Live Session Discussions

Topic: Integrity - Cindy Started 9 years, 9 months ago

Viewing 7 posts - 1 through 7 (of 7 total)
Posted 10 years ago

I am grateful for Saturday’s call on Integrity and will be revisiting it when it has been posted to the website. I am grateful for the break-out session as well. I have been considering what it means to consider the difference between a multi-sensory response of integrity vs a five sensory response of integrity. I am grateful to have listened to others share of their multi-sensory responses of integrity.

Posted 10 years ago

Hi Cindy,

I had a wonderful experience, myself. Were we in the small group together? I really enjoyed the sharing and the talking after.

I appreciate you reminding me to consider the difference between multi-sensory integrity and five sensory. Very powerful!

Posted 10 years ago

Hi Sara,

Yes, I think that we were in the small group together on Saturday’s call.
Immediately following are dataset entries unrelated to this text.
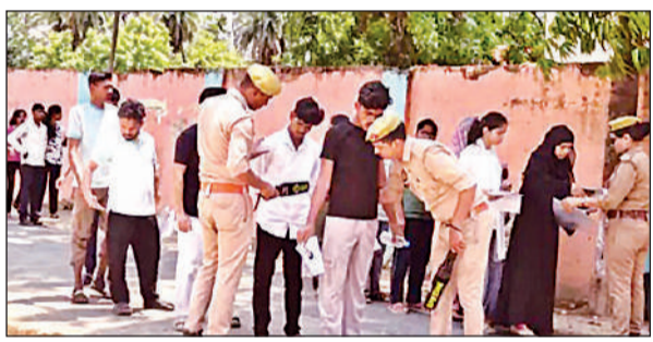
परीक्षा केंद्र परिसर में जांच करती पुलिस टीम।

नीट यूजी 2026 परीक्षा नगर स्थित आरआरडी इण्टर कॉलेज, राजकीय इण्टर कॉलेज सहित पांच केंद्रों पर आयोजित हुई। परीक्षा आरंभ होने से पहले परीक्षा केंद्रों पर तीन चक्रों में जांच प्रक्रिया पूरी की गई। अभ्यर्थियों को घड़ौ, कंगन, क्लेचर, ब्रेसलेट, जेवररात आदि ले जाने की अनुमति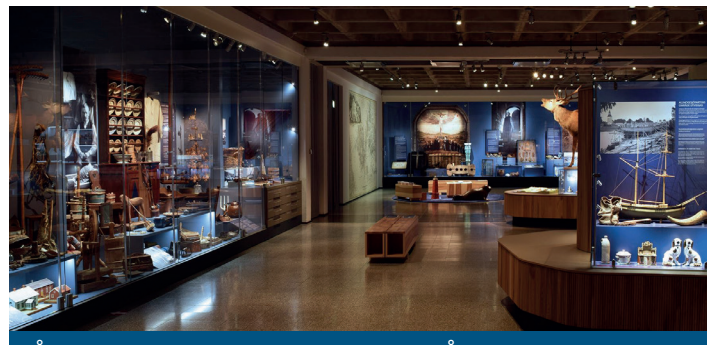
Ålands kulturhistoriska museum och Ålands konstmuseum Ahvenanmaan kulttuurihistoriallinen museo ja Ahvenanmaan taidemuseo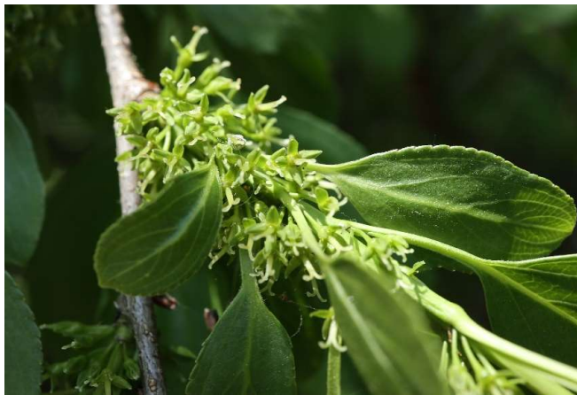
クロツバラ(黒ツ薔薇): クロウメモドキ科 4月末～5月末(5月10日)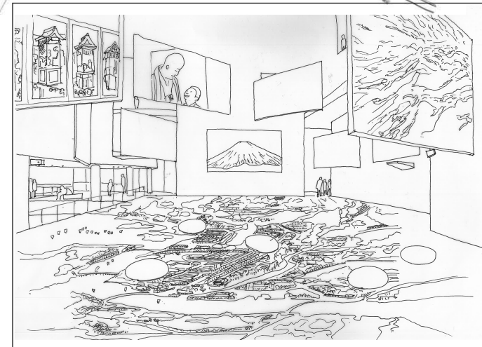
映像展示室<映像> 映像資料を用いて平泉の文化・歴史を幅広く紹介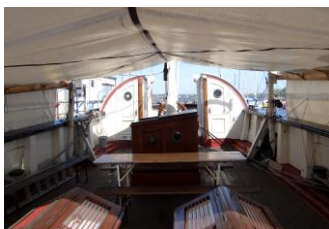
Überdachtes, wettergeschütztes Achterschiff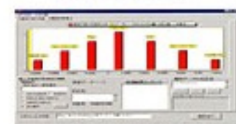
③のデータの分布表示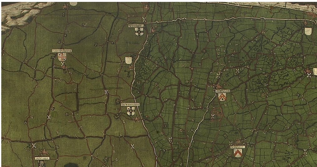
Afb.2. Grote Kaart van het Brugse Vrije door P. Pourbus uit 1562/1571, kopie door Pieter Claessens

Met betrekking tot de topografische ontwikkeling van het landschap rond Schoeringe, Groot Hof Mariemont en de weg tussen beide winningen horen tot de directe omgeving van de beschermde Uitkerkse polders ( Uitkerkse polder | Inventaris Onroerend Erfgoed ). is het niet steeds even eenvoudig de bijzondere landschapselementen te herkennen en in een historisch perspectief te plaatsen. Het landschap van de kuststreek evolueerde immers voortdurend. Gelukkig kunnen wij voor Zuienkerke en specifiek voor Schoeringe beroep doen op een hele reeks kaarten van zeer verscheiden aard om de relevante bijzondere landschapselementen te duiden. Zij tonen aan dat de belangrijkste landschapselementen vrij goed tot uitstekend bewaard bleven. Maar geregeld zijn zij licht aangepast of ook in onbruik geraakt en zo vervallen.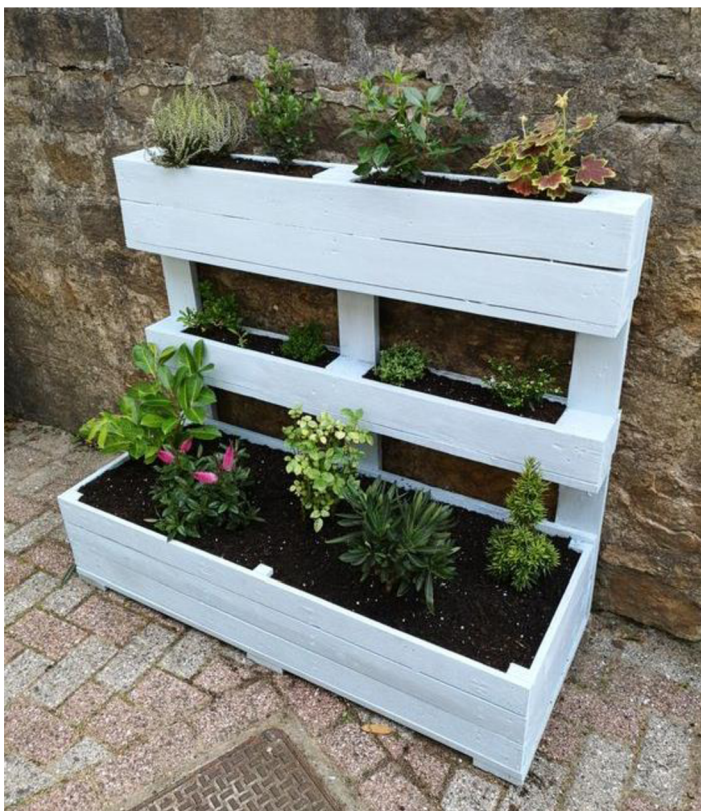
Obr. č. 28. Stojan na květiny z palety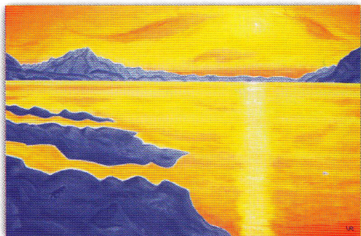
«JAUNE D'OR-BLEU SANS FRONTIÈRES» 81x54 cm, huile sur toile, 2009. Leiestyem

Cotations: 1.600,00 €, (24x17x20)cm, huile sur toile; 2.000,00 €, 28x20x19, bronze.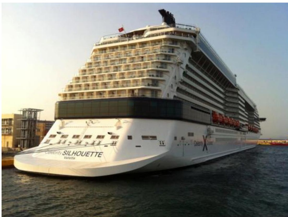
Εικόνα 28 Κρουαζιερόπλοιο στο λιμάνι του Πειραιά

Η Ελλάδα, ως τουριστικός προορισμός, αποτελεί ιδιλλιακό χώρο για να πραγματοποιήσετε ολιγοήμερες ή πολυήμερες κρουαζιέρες, καθώς διαθέτει πολλά νησιά και λιμάνια που μπορείτε να επισκεφθείτε, αλλά και ιδανικό κλίμα, το οποίο επιτρέπει ένα ευχάριστο ταξίδι τις περισσότερες εποχές του χρόνου. Επιπλέον, μια κρουαζιέρα στις ελληνικές θάλασσες σας δίνει την ευκαιρία να επισκεφθείτε σημαντικούς αρχαιολογικούς χώρους, μοναδικές εκκλησίες και μοναστήρια, μνημεία νεώτερων χρόνων, εξαιρετικά ενδιαφέροντα μουσεία και παραδοσιακούς οικισμούς αλλά και να απολαύσετε τις φυσικές ομορφιές πολλών περιοχών της χώρας. Στην Ελλάδα λειτουργούν αρκετές εταιρείες, που διοργανώνουν κρουαζιέρες στις ελληνικές θάλασσες και νησιά, ενώ και ξένες εταιρείες δραστηριοποιούνται στον τομέα αυτό.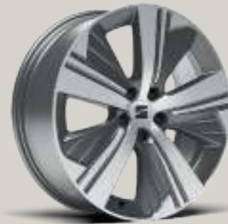
19"-LEICHTMETALLRAD EXCLUSIVE AERO GLANZGEDREHT XP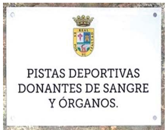
Real de la Jara 7 agosto 2018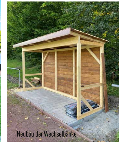
Neubau der Wechselbänke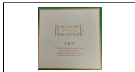
②生キャラメル ミルク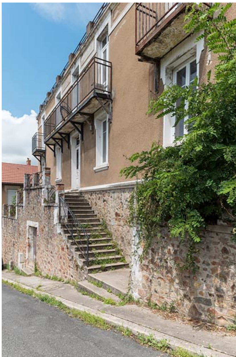
Façade de l'extension ("annexe").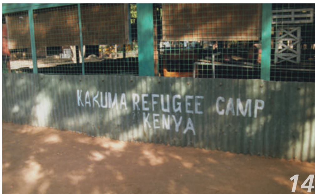
A Kakuma lo sterminato campo profughi dove arrivano quelli che fuggono dal Sudan e da altre zone dell'Africa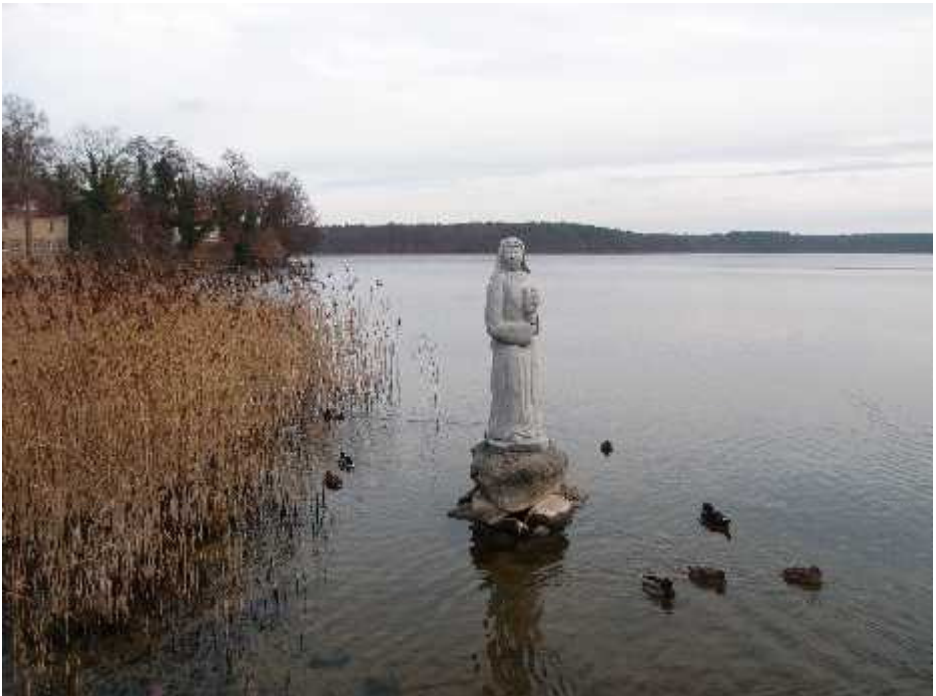
Klosterruine Lindow, Wutzsee (Adventsfahrt am 03.12.2011)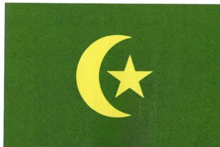
1709–1876-yillarda davlat ramzi bo'lgan Qo'qon xonligi bayrog'i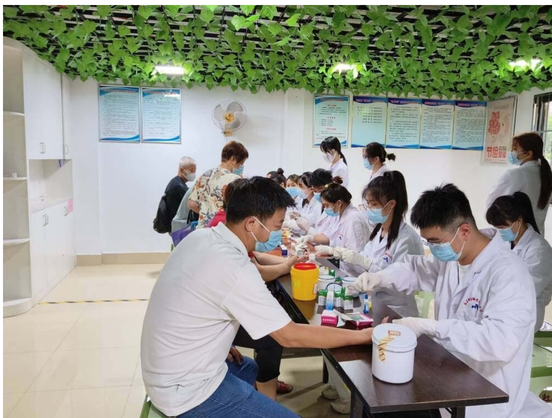
图 8-4 师生为居民提供医疗检测服务

康健指导，暖心宣传。师生们为社区居民科普艾草的功效和作用，宣讲健康饮食、科学作息等知识，指导居民健康过端午。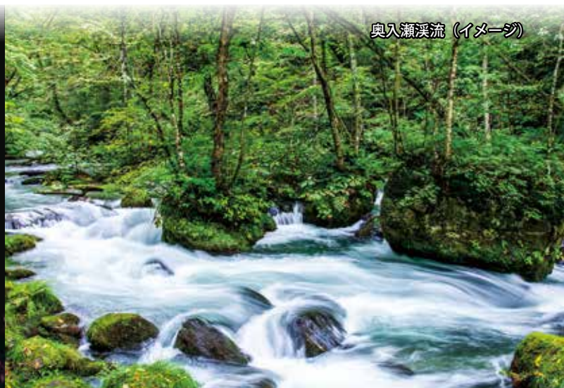
奥入瀬溪流 (イメージ)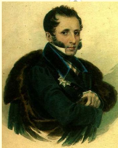
Сергей Семенович Уваров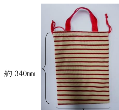
<C：バッグきんちゃく★>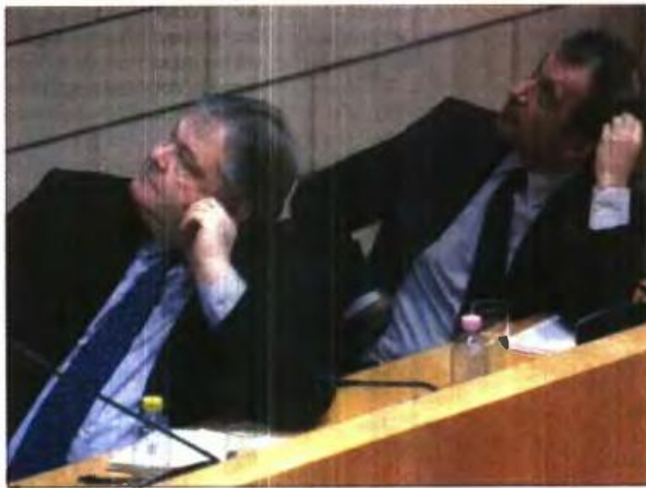
Με το βλέμμα στραμμένο αλλού ο Ευάγγελος Βενιζέλος και ο καθηγητής του Paris School of Economics Ντανιέλ Κοέν στην προχθεσινή εκδήλωση για το PSI

Δεν πρέπει να ξεχνάμε ότι οι άνθρωποι αυτοί έχουν υποφέρει και έχουν χάσει από την κρίση όσα και όλοι οι υπόλοιποι, αλλά επιπλέον έχουν υποστεί και τη δόλια δήμευση των αποταμιεύσεών τους. Πώς είναι, λοιπόν, δυνατόν ένα κράτος το οποίο θέλει να λέγεται ηθικό και δίκαιο να τους ζητά να πληρώσουν κανονικά τις φορολογικές και λοιπές υποχρεώσεις τους, χωρίς να συμβαίνει απολύτως τίποτα; Πώς είναι ποτέ δυνατόν να μην τους αναγνωρίζει τη ζη-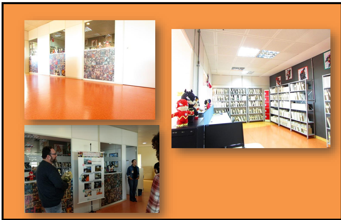
FIGURA 25 – Sala dos Quadrinhos: vista externa e interna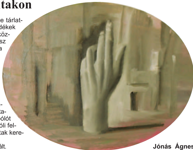
Jónás Ágnes

A tárlat április 1-jéig látogatható, szerdától péntekig 14 és 18 óra között.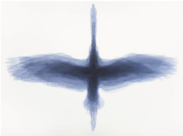
03_o.T. (vögel), 2016 ©Klaus Lomnitzer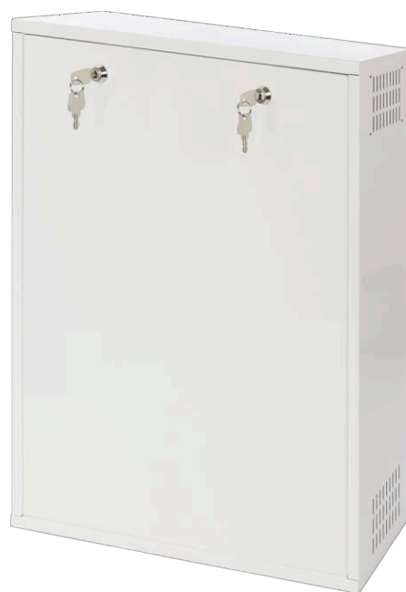
Abbildung 2. Ansicht des Gehäuses.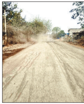
उड़ते धूल से दुकानदार व आवागमन करने वाले हैं परेशान

सरसीवां नगर से सरायपाली मुख्य मार्ग पर उड़ती हुई धूल के गुब्बारे लोगों की सेहत के लिए खतरा बन रहा है। जहां लोग उड़ते धूल से हलाकान से परेशान हो चले हैं। जिससे उड़ते गुब्बारे जैसे धूल से लोगों के सेहत पर गहरा असर पड़ रहा है लोगों को सांस लेने में परेशानी हो रही है।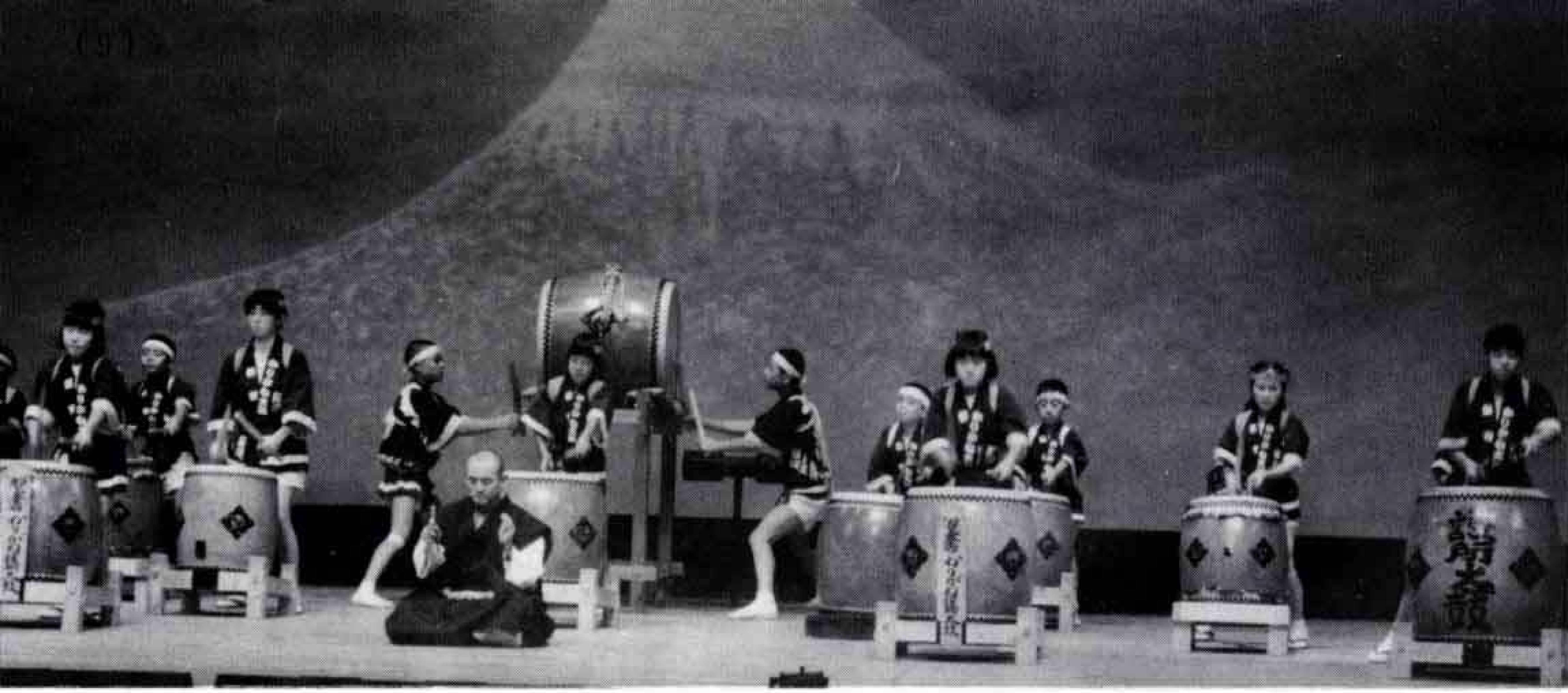
△オープニングはかりがね護所太鼓

ことしの芸能祭は、新市二十周年記念行事を兼ね、例年になく多数の団体が参加しました。太鼓を初め、獅子舞、大龍の舞、民謡、祭りばやしなど多彩な演技に、観客は盛大な拍手を送っていました。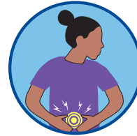
Pakiramdam na nasusuka, pagduduwal, pagtatae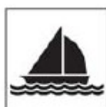
TAR - 2 Barco de passeio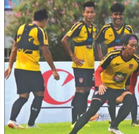
မြန်မာ ယူ-၂၂ အသင်း ဖွဲ့စည်းလေ့ကျင့်စဉ်။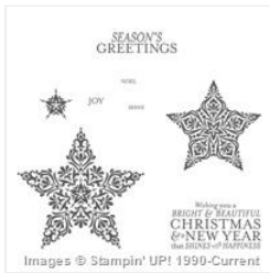
Bright & Beautiful Wood-Mount Stamp Set - 135026

stampwithmarybush@yahoo.com www.stampinthesand.stampinup.net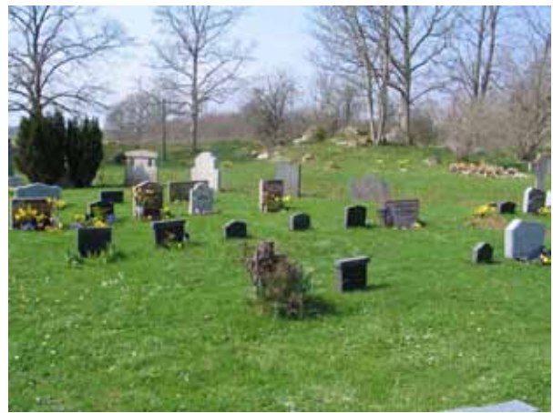
I kvarter 1 fanns små svarta granitvårdar. Möjligen rester efter ett linjegravssystem (KI Arby kyrkog 017)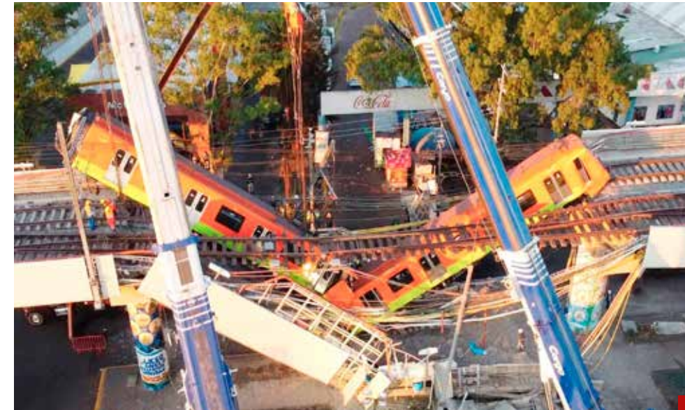
No hay una persona detenida ni imputada.

I had to leave before our discussion had ended. We had been discussing diplomacy. I had some thoughts on that after leaving the call. I wonder, (and would welcome yours and others thoughts on this), if diplomacy would be considered to be a pursuit of external power as it may be pursuing to keep everyone comfortable. From what I’ve learned through this program and its books, the pursuit of authentic power is about saying from love, (and having the courage to do so), what needs to be said, or not saying what would not be coming from love. It seems to me that diplomacy may not be about that. It’s great to hear from you!

Posted 10 years ago

Hi Cindy,

I agree, if the intention is to manipulate or control, it’s external power. I do think if the intention is to create authentic power in a situation, it could potentially look like diplomacy if that’s the inspired course of action, but it always depends on the energy flowing underneath. I don’t think diplomacy in and of itself is about creating authentic power. Inherently it’s about strategy, as far as I can tell.

It’s funny, I realized something along these lines one morning when I was helping my kids get ready for school. I was asking them very nicely to make their beds. And it hit me after the words came out, this was not about being supportive and present, this was an attempt to control them. Even though it looked and sounded very pleasant and nice, I was, on the inside, hoping that my asking them nicely would prompt them to do what I asked. I was not genuinely concerned with creating authentic power, in that moment. It was amazing to realize that, because it helped me understand, on a deeper level, that being nice is not the point when it comes to authentic power. It’s about so much more than that. This has taken some time for me. When I am being present and intending to come from love, I don’t care if my kids do what I ask, I’m just happy to be with them.

Lots of great stuff to play with here!

Posted 10 years ago

Thanks for sharing that Sara. It has been and continues to be a powerful practice for me in learning about my intentions as I play my roles of mother at home and boss at work. For example with my teenagers I often have fps that are attached to wanting them to do something. They swing from inferior, “oh why bother they are not going to listen anyway” to superior, “I will withhold the allowance if they don’t…” When I am conscious, my action becomes about me, and being in my integrity in that moment. For eg. I will shift my intention to gratitude and appreciation as I give the instruction and after.
Very powerful learning indeed.

Love,
Soula.

Posted 10 years ago

Soula, I love how you said, “When I am conscious, my action becomes about me, and being in my integrity in that moment.” That is so well put.

I never thought of it in the way of swinging from inferiority to superiority, and hearing it like that really resonates with me. I’m going to experiment with this more.

Much Love,
Sara

Posted 10 years ago

I really appreciate the comments from you two mothers. It’s great to read of your ways of parenting with creating authentic power as your intention. This causes me to reflect on my own relationships with my now grown children and the choices of intention that I can make to bring Love into our interactions. Thank you so much for sharing!